5. Discussion and conclusion

Building on existing techniques for fabricating preforms and fibers with hexagonally arranged holes, MOFs with single core holes have been fabricated and a minimum hole size of 20 nm was achieved, which is believed to be the smallest hole reported in the core of any fiber to date. Flexibility in extrusion die design, multiple drawing steps and improved process control have enabled the fabrication of this fiber.

In addition to the creation of strong localized light intensity used for increased light-material interaction, as demonstrated here, the ability to create such a small hole in the optical fibers may also enable the realization of negative refractive index in optical fiber platform [24] Negative refraction and superlensing imaging in the visible region can be implemented by metallic nanowires embedded in a dielectric matrix [25] and have been demonstrated in bulk metamaterials. This concept could be transferred into the fiber platform if suitable methods are found to create metal nanowire within the nanosized holes that have been formed here.

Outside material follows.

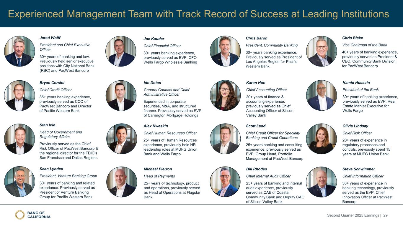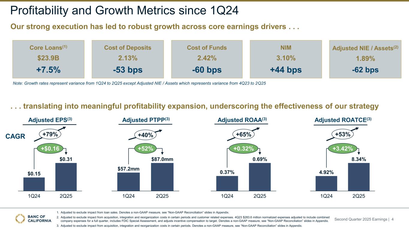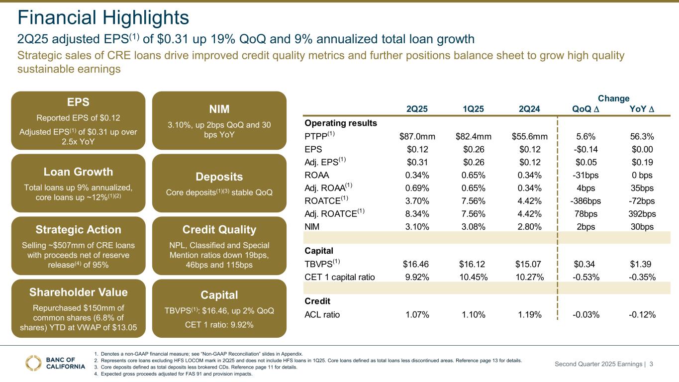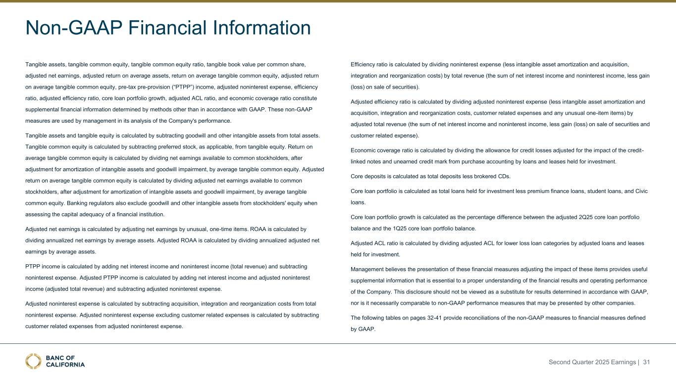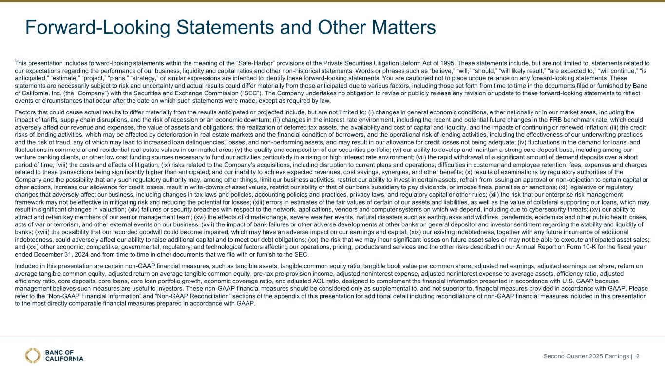 前瞻性陈述和其他事项本演示文稿包括1995年《私人证券诉讼改革法案》“安全港”条款含义内的前瞻性陈述。这些报表包括但不限于与我们对业务表现、流动性和资本比率的预期相关的报表以及其他非历史报表。诸如“相信”、“将”、“应该”、“将可能导致”、“预计”、“将继续”、“预计”、“估计”、“项目”、“计划”、“战略”或类似表述等词语或短语旨在识别这些前瞻性陈述。请注意,不要过分依赖任何前瞻性陈述。这些陈述必然受到风险和不确定性的影响,由于各种因素,包括加州银行公司(“公司”)向美国证券交易委员会(“SEC”)提交或提供的文件中不时列出的因素,实际结果可能与预期的结果存在重大差异。除法律要求外,公司不承担修改或公开发布对这些前瞻性陈述的任何修改或更新以反映作出此类陈述之日之后发生的事件或情况的义务。可能导致实际结果与预期或预测结果存在重大差异的因素包括但不限于:(i)国家或我们市场领域的总体经济状况的变化,包括关税、供应链中断以及经济衰退或经济下滑的风险的影响;(ii)利率环境的变化,包括最近和未来可能发生的FRB基准利率变化,这可能会对我们的收入和支出、资产和债务的价值、递延所得税资产的变现产生不利影响,资金和流动性的可用性和成本,以及持续或重新出现的通货膨胀的影响;(iii)贷款活动的信用风险,这可能受到房地产市场恶化和借款人财务状况的影响,以及贷款活动的操作风险,包括我们的承销做法的有效性和欺诈风险,其中任何一种都可能导致贷款拖欠、损失和不良资产增加,并可能导致我们的信贷损失准备金不足;(iv)贷款需求的波动,以及我们市场区域内商业和住宅房地产价值的波动;(v)我们的证券投资组合的质量和构成;(vi)我们开发和维持强大的核心存款基础的能力,包括在我们的风险银行客户中,或为我们的活动提供资金所必需的其他低成本资金来源,特别是在利率上升或高利率环境下;(vii)在短时间内快速提取大量活期存款;(viii)诉讼的成本和影响;(ix)与公司收购相关的风险,包括对当前计划和运营的干扰;客户和员工保留方面的困难;与这些交易相关的费用、开支和收费明显高于预期;以及我们无法实现预期的收入、成本节约、协同效应和其他收益;(x)公司监管机构的审查结果以及任何此类监管机构可能(其中包括)限制我们的业务活动、限制我们投资于某些资产的能力、不对某些资本或其他行动发出批准或不反对、增加我们的信用损失准备金、导致资产价值减记的可能性,限制我们或我们的银行子公司支付股息的能力,或施加罚款、处罚或制裁;(xi)对我们的业务产生不利影响的立法或法规变化,包括税法和政策、会计政策和惯例、隐私法以及监管资本或其他规则的变化;(xii)我们的企业风险管理框架可能无法有效降低风险和减少潜在损失的风险;(xiii)我们的某些资产和负债的公允价值以及支持我们贷款的抵押品的价值的估计错误,这可能导致估值发生重大变化;(xiv)我们所依赖的网络、应用程序、供应商和计算机系统出现故障或安全漏洞,包括由于网络安全威胁;(xv)我们吸引和留住高级管理团队关键成员的能力;(xvi)气候变化、恶劣天气事件、地震和野火等自然灾害、流行病、流行病和其他公共卫生危机、战争或恐怖主义行为的影响, 及我们业务的其他外部事件;(xvii)银行倒闭或其他银行的其他不利发展对一般存款人和投资者对银行的稳定性和流动性的情绪的影响;(xviii)我们记录的商誉可能发生减值的可能性,这可能对我们的收益和资本产生不利影响;(xix)我们现有的债务,连同任何未来产生的额外债务,可能会对我们筹集额外资金和履行债务义务的能力产生不利影响;(xx)我们可能在未来资产出售方面蒙受重大损失或可能无法执行预期资产出售的风险;(xxi)影响我们的运营、定价、产品和服务的其他经济、竞争、政府、监管和技术因素,以及我们在截至12月31日的财政年度的10-K表格年度报告中描述的其他风险,2024年以及我们不时向SEC提交或提供的其他文件。本演示文稿中包含某些非公认会计准则财务指标,例如有形资产、有形普通股权益比率、每股普通股有形账面价值、调整后净收益、调整后每股收益、平均有形普通股权益回报率、调整后平均有形普通股权益回报率、税前拨备前收入、调整后非利息费用、调整后非利息费用与平均资产、效率比率、调整后效率比率、核心存款、核心贷款、核心贷款组合增长、经济覆盖率、调整后ACL比率,旨在补充根据美国公认会计原则提供的财务信息,因为管理层认为此类措施对投资者有用。这些非GAAP财务指标应仅被视为对根据GAAP提供的财务指标的补充,而不是优于。请参阅本演示文稿附录的“非GAAP财务信息”和“非GAAP调节”部分,了解更多详细信息,包括本演示文稿中包含的非GAAP财务指标与根据GAAP编制的最直接可比财务指标的调节。2025年第二季度收益| 2

SNOM has been used to scan near field patterns of the MOFs with 80 nm and 250nm core hole at the visible and near infrared wavelengths. Light fills the centralized hole of the MOF. However, the light confinement in this fiber is still relatively weak due to the relatively large hole sizes compared to the wavelengths of the light sources. Therefore further SNOM experiments will be conducted for those MOFs with smaller core holes using the laser sources with a series of wavelengths for comparison. It is necessary to use a small aperture size to image light from the holes less than 50nm. The minimum aperture size from commercial fiber tips are 30nm with extremely low collection efficiency due to large leaking loss. Also with such tiny tips, it is difficult to approach the tips to the fiber surface at a distance less than 10nm without breaking tip. Thus for measurement of the light enhancement within the hole size less than 30nm, it is necessary to use apertureless SNOM, whose resolution has no wavelength related limit and allows an optical resolution of 10nm to be achieved [26].